Automatically manage code signing assets before a build.
Description
The Manage iOS Code Signing Step takes care of setting up the required code signing assets before the project is built on Bitrise. The Step:
- Downloads and installs certificates uploaded to Bitrise.
- Generates, updates and downloads the provisioning profiles needed for your iOS project.
- Verifies and registers the project's Bundle IDs on the Apple Developer Site.
- Registers the iOS or tvOS devices connected to your Bitrise account with the Apple Developer Site.

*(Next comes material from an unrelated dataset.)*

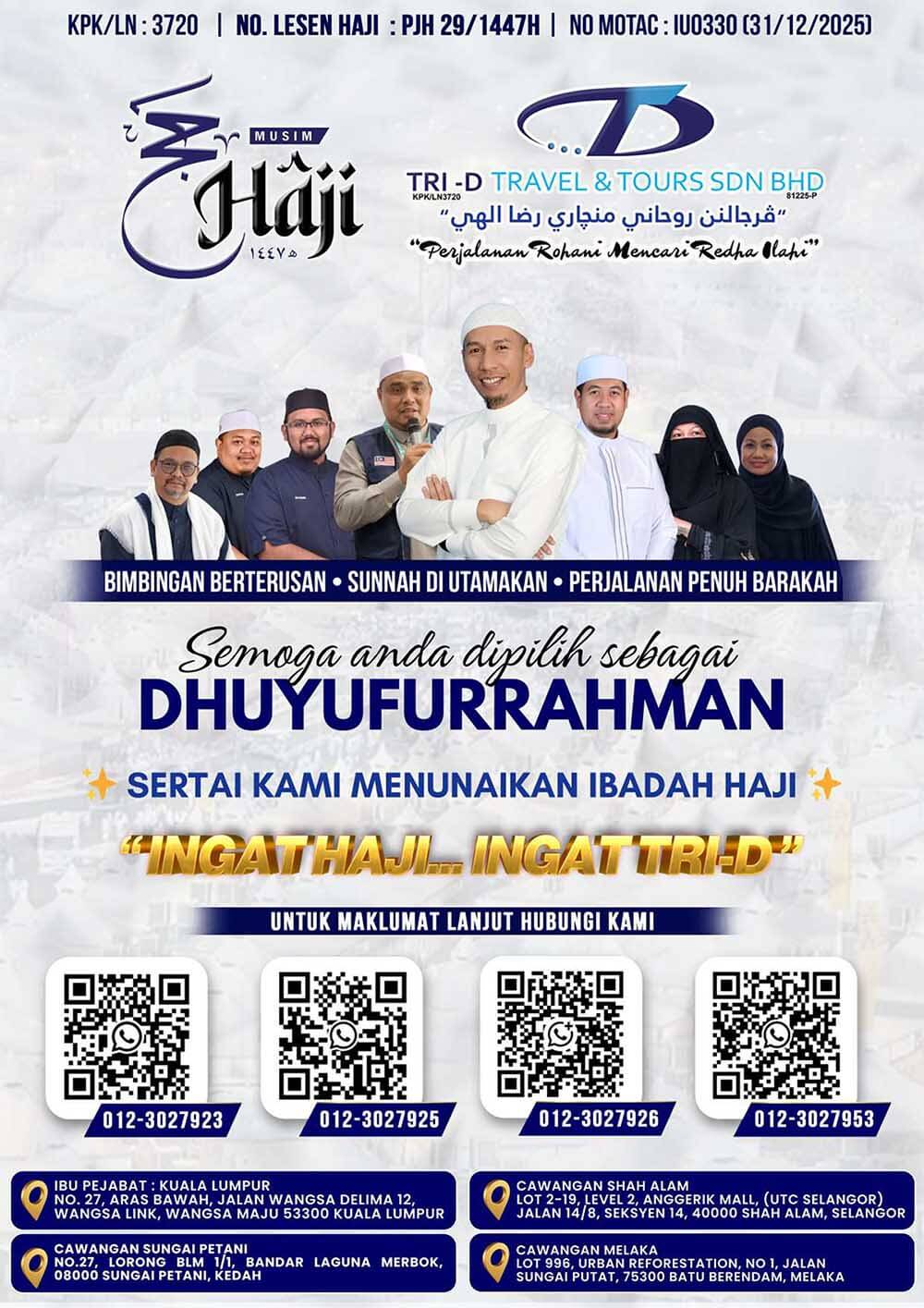 Tri-D Travel & Tours Sdn Bhd, juga telah diberikan lesen sebagai Pengelola Jemaah Haji (PJH) bermula dari tahun 2018 oleh pihak Lembaga Tabung Haji. Mempunyai Pembimbing Haji serta barisan Mutawwif berpengalaman dalam menyantuni para Duyufurrahman bagi Musim Haji 1447H / 2026M.

Use the Manage iOS Code Signing Step if, for example:
- You use Fastlane for your project.
- You use the Ionic Archive or the Cordova Archive build Steps in your project.
- You use a Script Step because your project has its own build scripts. The Manage iOS Code Signing Step takes care of automatically code signing your project before it's built on Bitrise.

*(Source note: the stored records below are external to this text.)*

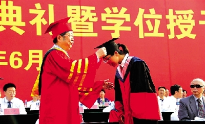 鄭州大學(xué)校長劉炯天在畢業(yè)典禮上為學(xué)子撥穗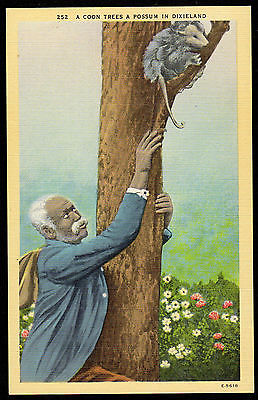 Title (ebay affiliate link): 252 COON TREES POSSUM Asheville NC 1930's LINEN PHOTO PC Black Racist Stereotype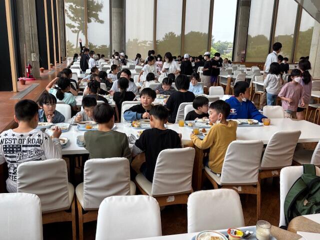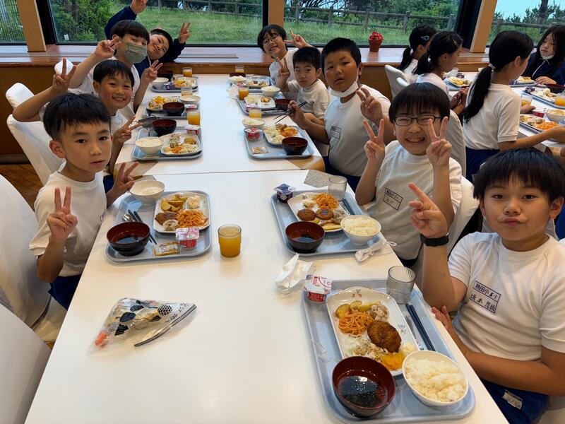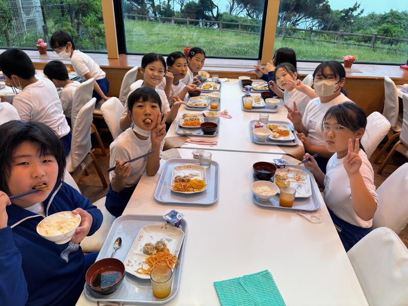 すべての活動を終えて、昼食の時間です。海浜自然の家で食べる4回目の食事です。ここでの、そしてこの宿泊学習での最後の食事になります。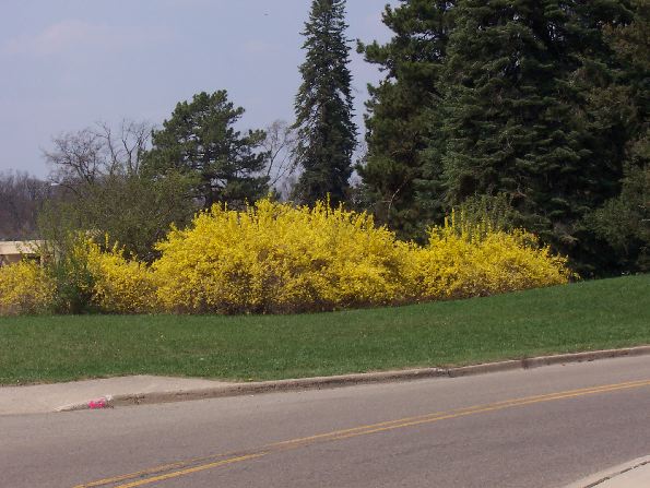 Sptring has really appeared here lately. A week ago things didn't really look too spring-like, except that the grass was slightly greener than it had been. But now a lot of flowers have grown up and bloomed, and the forsythias are all in bloom. The temperatures have been very pleasant. All that's left is leaves for the trees...

Before you start, make sure:
- You've defined your Apple Developer Account to Bitrise.
- You've assigned an Apple Developer Account to your app.
- Make sure the Step is followed by another Step that needs iOS code signing.

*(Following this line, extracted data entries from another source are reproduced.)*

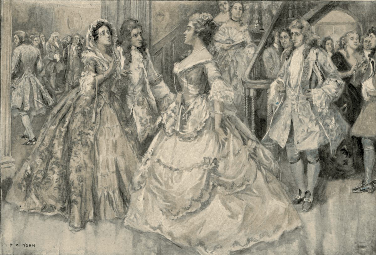 Alce, who had been a red-cheeked dairymaid in a great house in England, needed no admonition. Her curtsy was profound; and when the Governor took her by the hand and kissed her still blooming cheek, she curtsied again. Molly, who had no memories of fine gentlemen and the complaisance which was their due, blushed fire-red at the touch of his Excellency's lips, forgot to curtsy, and knew not where to look. When, in her confusion, she turned her head aside, her eyes met those of the young man who had threatened to turn Papist. He bowed, with his hand upon his heart, and she blushed more deeply than before.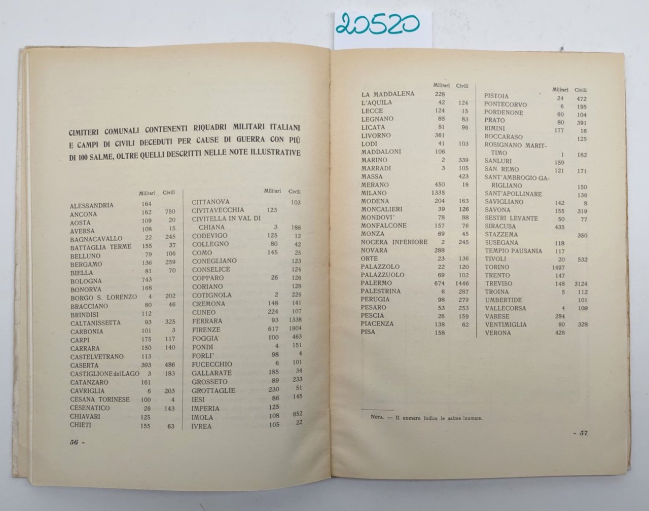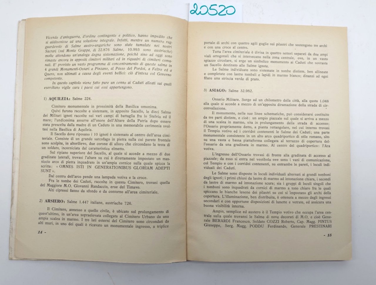Ai caduti di tutte le guerre statistiche e sintesi delle opere in Italia e all'estero 1950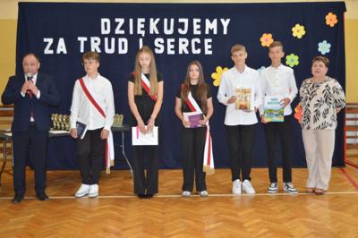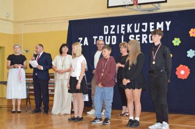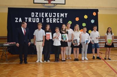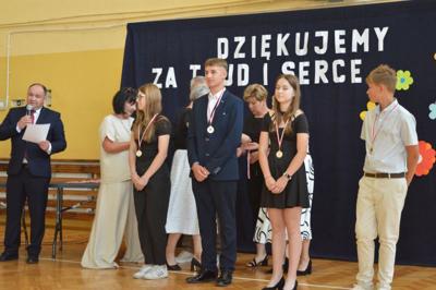 Uroczyste zakończenie roku szkolnego 2024/2025 Żegnaj szkoło żegnaj! wołają wakacje. W dali błękit, zieleń kwitnące akacje. W dali szumią lasy, srebrzą się strumienie. Żegnaj szkoło żegnaj! Wszystkim do widzenia! Galeria zdjęć Powiązane wiadomości Czytanie zbliża. Żegnamy przedszkole. Pożegnanie klasy 8. Uroczyste zakończenie roku szkolnego 2024/2025 Ogólnopolski Projekt Edukacyjny "Alfabet logopedyczny" Inauguracja roku szkolnego 2025/2026. Drukuj Udostępnij Data dodania: 27.06.2025 Wyświetlono: 410 Aktualności

- Apple services connection method: Select the Apple service connection method you provided earlier on Bitrise; which is either the API Key or the Apple ID.
- Distribution method: Select the method Xcode should sign your project: development, app-store, ad-hoc, or enterprise.
- Project path: Add the path where the Xcode Project or Workspace is located.
- Scheme: Add the scheme name you wish to archive your project later.
- Build configuration:Specify Xcode Build Configuration. The Step will use the provided Build Configuration's Build Settings, to understand your project's code signing configuration. If not provided, the Archive action's default Build Configuration will be used.
If you want to set the Apple service connection credentials on the step-level (instead of using the one configured in the App Settings), use the Step inputs in the App Store Connect connection override category. Note that this only works if Automatic code signing method is set to api-key
.
Under Options:
- Ensure code signing assets for UITest targets too: If this input is set, the Step will manage the codesign settings of the UITest targets of the main Application.
- Register test devices on the Apple Developer Portal: If this input is set, the Step will register known test devices from team members with the Apple Developer Portal. Note that setting this to
yes
may cause devices to be registered against your limited quantity of test devices in the Apple Developer Portal, which can only be removed once annually during your renewal window.
Under Build environment:
You do not have to change any sensitive Environment Variable if all your certificates are already uploaded to Bitrise. Should you store your code signing files somewhere else (for example, in a private repository), then you can set these inputs in the bitrise.yml
file.
Under Debugging:
- Verbose logging*: You can set this input to
yes
to produce more informative logs.
- The Manage iOS Code Signing Step will fail if the correct Apple Developer Account is not connected to Bitrise or the right connection method is not selected in the Apple service connection method input within the Step.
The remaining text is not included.